3. Then page returns back I see log like:
Request URL:http://localhost:8080/event/registerEvent?execution=e2s1
Request Method:GET
Status Code:200 OK
html,application/xhtml+xml,application/xml;q=0.9,*/*;q=0.8
Accept-Charset:ISO-8859-1,utf-8;q=0.7,*;q=0.3[/b]
Accept-Encoding:gzip,deflate,sdch
Accept-Language:en-US,en;q=0.8
Host:localhost:8080
Referer:http://localhost:8080/event/registerEvent?execution=e2s1
User-Agent:Mozilla/5.0 (Windows NT 6.1; WOW64) AppleWebKit/537.22 (KHTML, like Gecko) Chrome/25.0.1364.97 Safari/537.22
Cache-Control:no-cache
Cache-Control:no-store
Content-Language:en-US
Content-Type:text/html;charset=UTF-8
Date:Wed, 27 Feb 2013 08:23:17 GMT
Expires:Thu, 01 Jan 1970 00:00:00 GMT
Pragma:no-cache
Server:Apache-Coyote/1.1
Transfer-Encoding:chunked

but utf-8 data returns spoiled and have unreadable format. I can see weird value in input.

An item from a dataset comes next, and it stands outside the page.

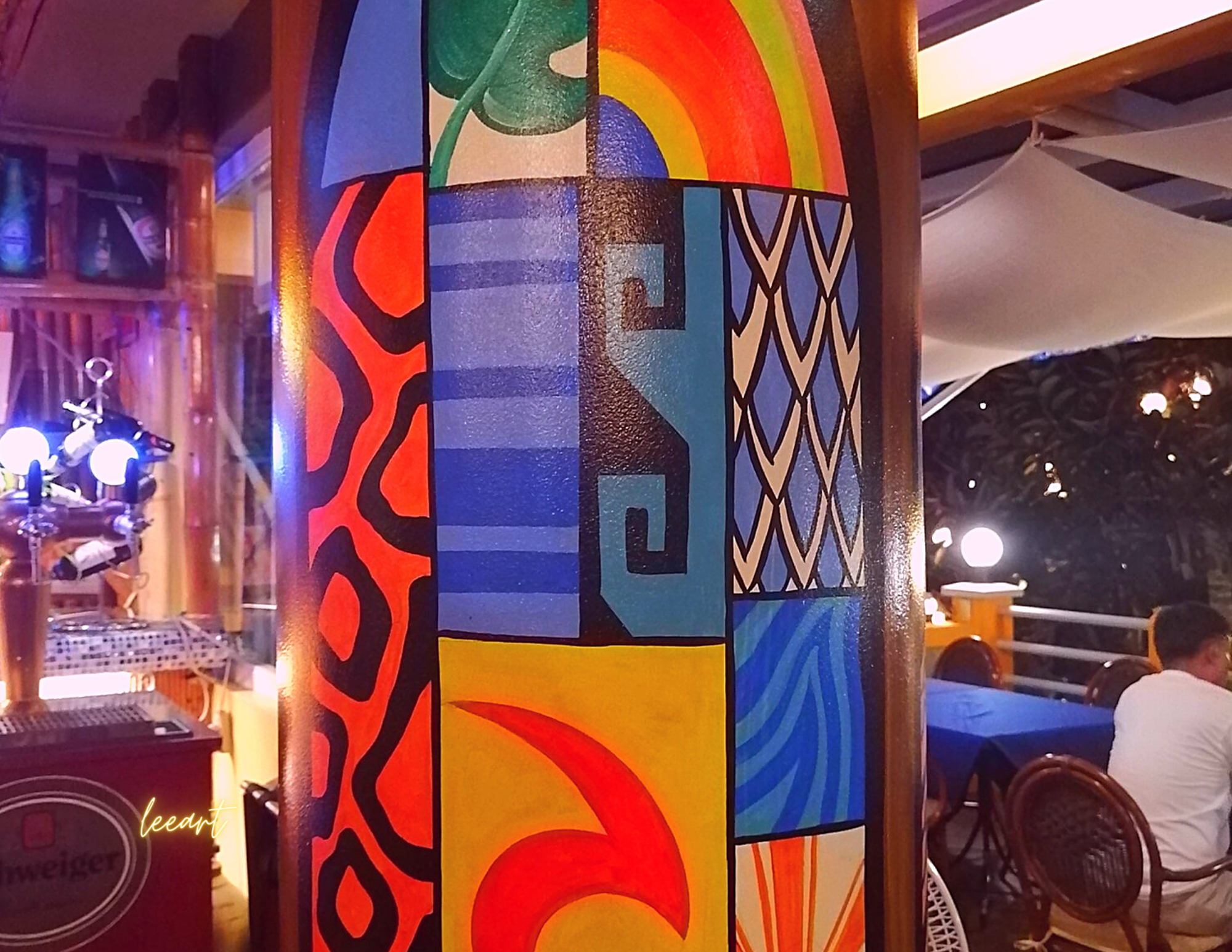 This colorful pole is also attractive. It is at the center of the bistro. That's one way to keep it interesting.

Probably I should apply to Spring Web Flow forum. It is odd behavior, I see such strange stuff I can't solve by myself for first time.
Reply | Threaded
Open this post in threaded view
|

Re: UTF8 charset problem

Emanuel
Administrator
Are you able to inspect the values once they get to your code on the server?  Also, can you do a request.getCharacterEncoding() in the server-side code, after you submit the form, to find out what the value is?

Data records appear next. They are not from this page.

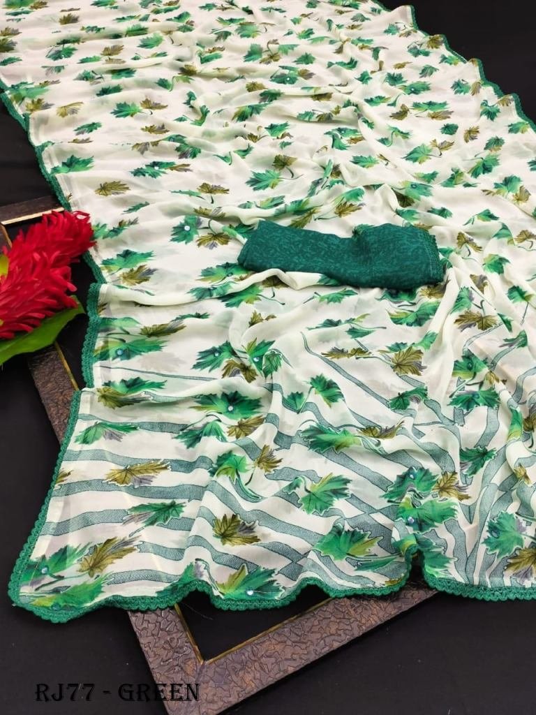 Description-heavy Weightless Georgette With Diable Lace and Mirror Work All Over Saree.
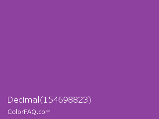 Decimal 154698823 Color is a normal purple color and the nearest color is Purpureus #9a4eae. Hex code #8f419f and RGB value is rgb(143,65,159). In RGB color space, this color is composed of 56% red, 25% green, 62% blue, In CMYK color space, this color is composed of 10% cyan, 59% magenta, 0% yellow , 38% black , In HSL color space, this color has a hue angle of 290° , 42% saturation and 44% lightness.
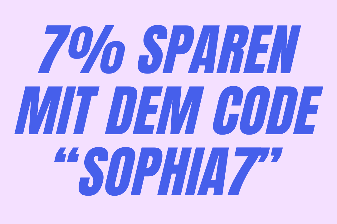 Mit dem Rabattcode SOPHIA7 sparst du 7 % auf deinen Einkauf.
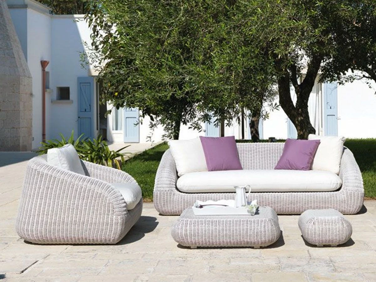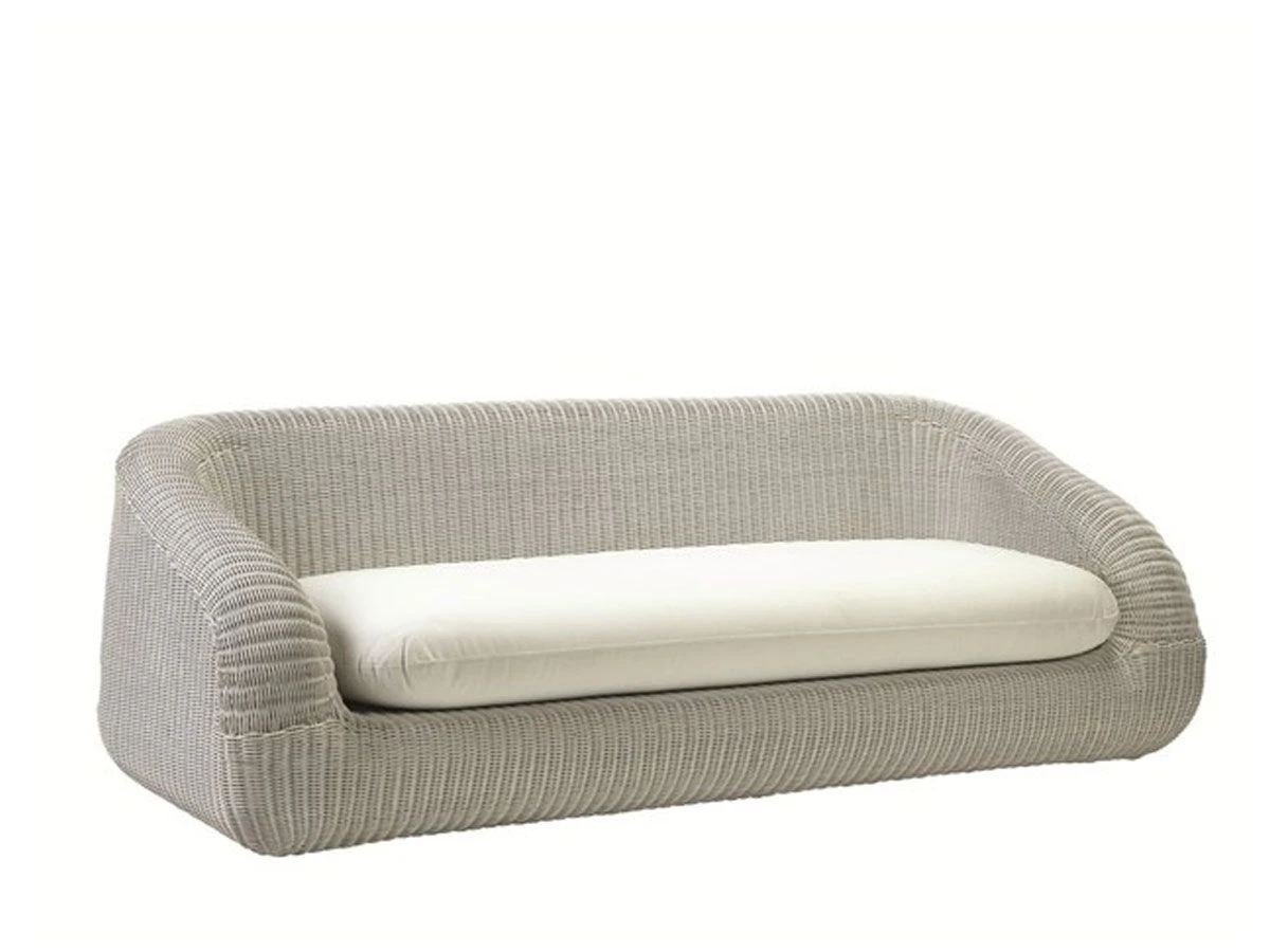 A soft and enveloping line, with a sober and contemporary design, the Phorma three-seater sofa is made of Etwick fiber, a synthetic wicker, with a natural look, woven entirely by hand. The sofa is completed by an acrylic cushion in ivory or dove gray colors. Even the structure of the sofa can be customized, choosing between the colors of the Etwick bark or white fiber.
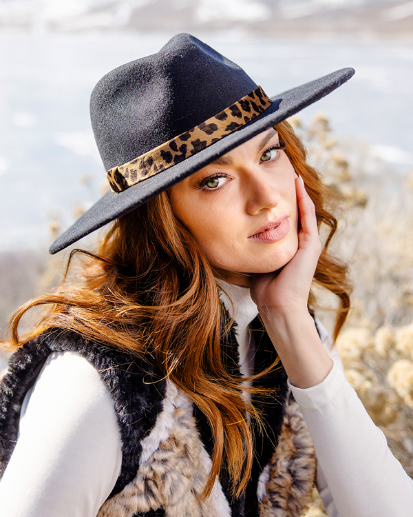 Whether you’re headed to Churchill Downs or throwing a Derby-inspired party at home, our Fedora is the perfect hat choice. With a classic pinched crown and shaped to cast flattering shadows, the flat brim magically erases hints of late nights, too much fun and too little sleep. In Black or Leopard, a narrow band encircling the crown, adds design interest, texture, and color. Inside, a concealed ribbon tie ensures adjustable custom fit.

It seems like the CharacterEncodingFilter isn't kicking in.  Just like Zemi said, and from what I read from this StackOverflow question/answer (http://stackoverflow.com/questions/5578833/url-encoded-character-gets-parsed-wrongly-by-webflow-el-jsf), the CharacterEncodingFilter should set the encoding on the request to UTF8 and get those special characters working on the server side.

Is it possible to also try adding the CharacterEncodingFilter to your web.xml file before all other filters instead of the onStartup() / registerCharacterEncodingFilter() methods?  Or try changing the line:

filter.addMappingForUrlPatterns(null, true, "/*");

To:

filter.addMappingForUrlPatterns(null, false, "/*");

I think that filter needs to be one of the first things to happen, but the 'true' value makes it get evaluated after all other filters.  (Note: I'm not sure if the true/false change will fix it since the Javadocs for that method say that a value of false will cause the filter to be evaluated "...before any declared filter mappings of the ServletContext from which this FilterRegistration was obtained..." and I don't know if the Dynamic object is the same as that used to register all the filters in your web.xml, or those 'magically' registered by Spring Web Flow).

I was also going to suggest going to the Spring Web Flow forums to ask there (this seems to be more of  Spring issue than a Thymeleaf one), but I just took a look at those forums and I see you've posted there already.
Reply | Threaded
Open this post in threaded view
|

Re: UTF8 charset problem

blandger
Thank you a lot, Emanuel.

That one little change has completely solved the issue.
filter.addMappingForUrlPatterns(null, false, "/*");

Now it works fine and handles utf-8 characters correctly.